(Available data begins)

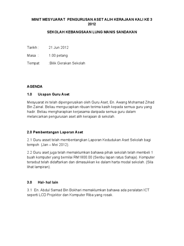 Contoh Minit Mesyuarat Aset Alih Kerajaan Sekolah
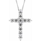 This is the perfect sized cross pendant measured 28*20mm featuring 3.5mm/0.15ct round moissanites in 14k or 18k white, yellow or rose gold.
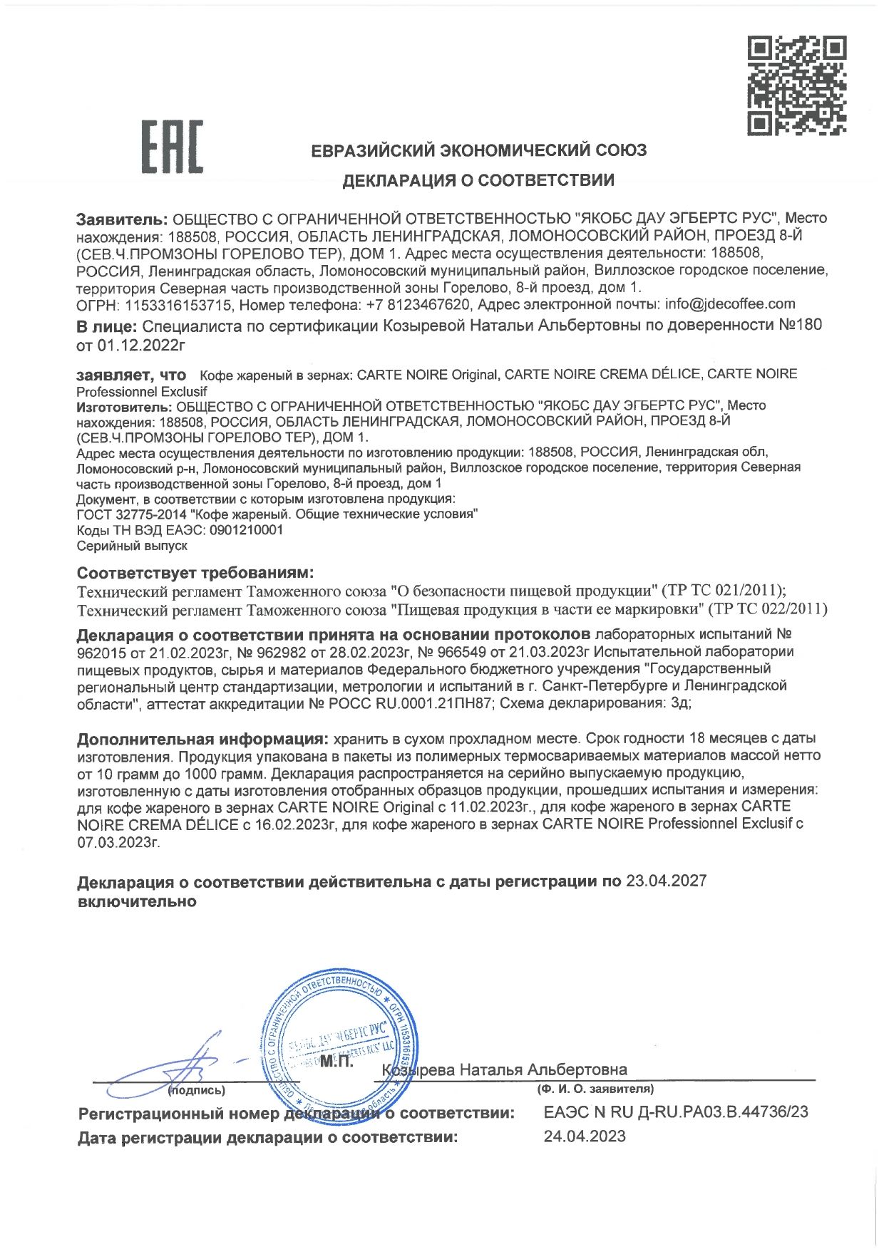 | Фирма-производитель | ООО "Якобс Дау Эгбертс Рус" |
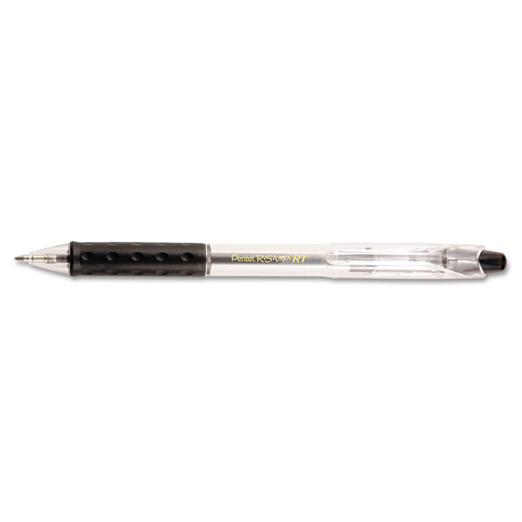 Pentel® R.s.v.p. Rt Ballpoint Pen, Retractable, Medium 1 Mm, Black Ink, Clear Barrel, Dozen
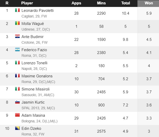 法齐奥身高195cm,对第一点有着绝对的控制能力。他的场均空中对抗成功数高达4.1次,排名全意甲第四,中卫里则排第二:

(Available data ends)

* Directions for this task:
Everything from the line with "Фирма-производитель | ООО" through the last line above should be reproduced exactly, both ends included; pictures must be omitted.

* Solution for this task:
 | Фирма-производитель | ООО "Якобс Дау Эгбертс Рус" |
 Pentel® R.s.v.p. Rt Ballpoint Pen, Retractable, Medium 1 Mm, Black Ink, Clear Barrel, Dozen
 法齐奥身高195cm,对第一点有着绝对的控制能力。他的场均空中对抗成功数高达4.1次,排名全意甲第四,中卫里则排第二:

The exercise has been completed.